» Data records:
###

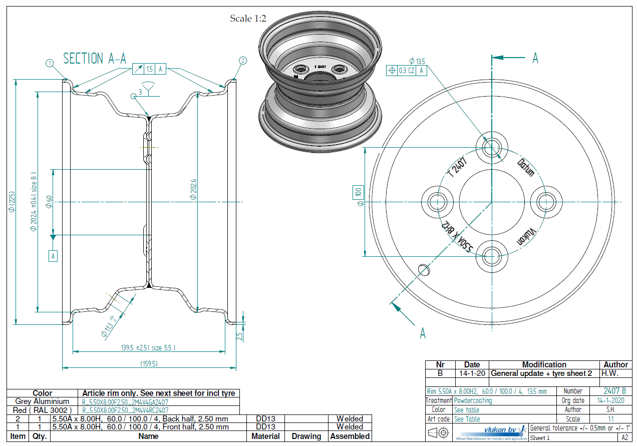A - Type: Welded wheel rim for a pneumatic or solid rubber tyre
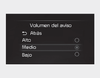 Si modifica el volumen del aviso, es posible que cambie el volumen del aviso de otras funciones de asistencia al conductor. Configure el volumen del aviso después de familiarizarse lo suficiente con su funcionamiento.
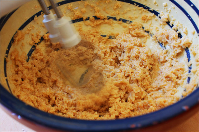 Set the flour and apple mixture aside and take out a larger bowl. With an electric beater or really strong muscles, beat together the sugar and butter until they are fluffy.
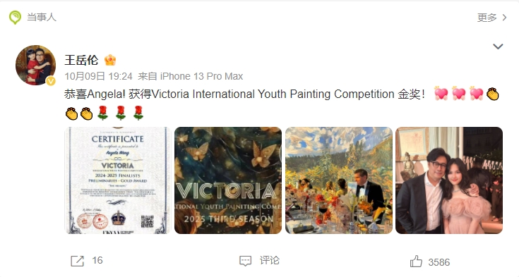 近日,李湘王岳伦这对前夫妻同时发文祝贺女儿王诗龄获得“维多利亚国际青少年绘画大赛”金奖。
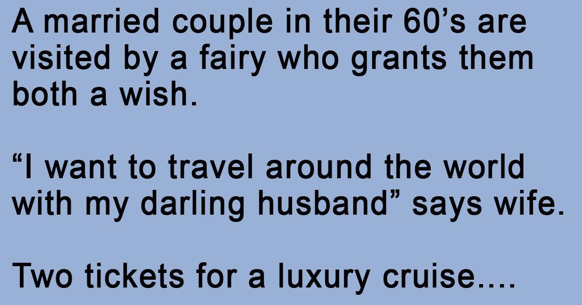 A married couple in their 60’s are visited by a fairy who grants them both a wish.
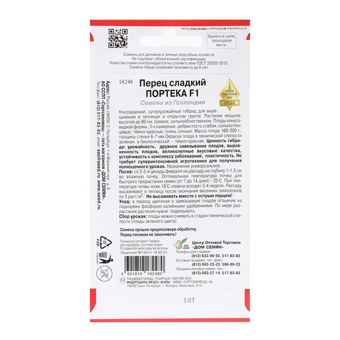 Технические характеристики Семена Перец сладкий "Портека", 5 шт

###

» EXERCISE DESCRIPTION: Write out the records word for word. Pictures stay out.

» TASK RESULT:
A - Type: Welded wheel rim for a pneumatic or solid rubber tyre
 Si modifica el volumen del aviso, es posible que cambie el volumen del aviso de otras funciones de asistencia al conductor. Configure el volumen del aviso después de familiarizarse lo suficiente con su funcionamiento.
 Set the flour and apple mixture aside and take out a larger bowl. With an electric beater or really strong muscles, beat together the sugar and butter until they are fluffy.
 近日,李湘王岳伦这对前夫妻同时发文祝贺女儿王诗龄获得“维多利亚国际青少年绘画大赛”金奖。
 A married couple in their 60’s are visited by a fairy who grants them both a wish.
 Технические характеристики Семена Перец сладкий "Портека", 5 шт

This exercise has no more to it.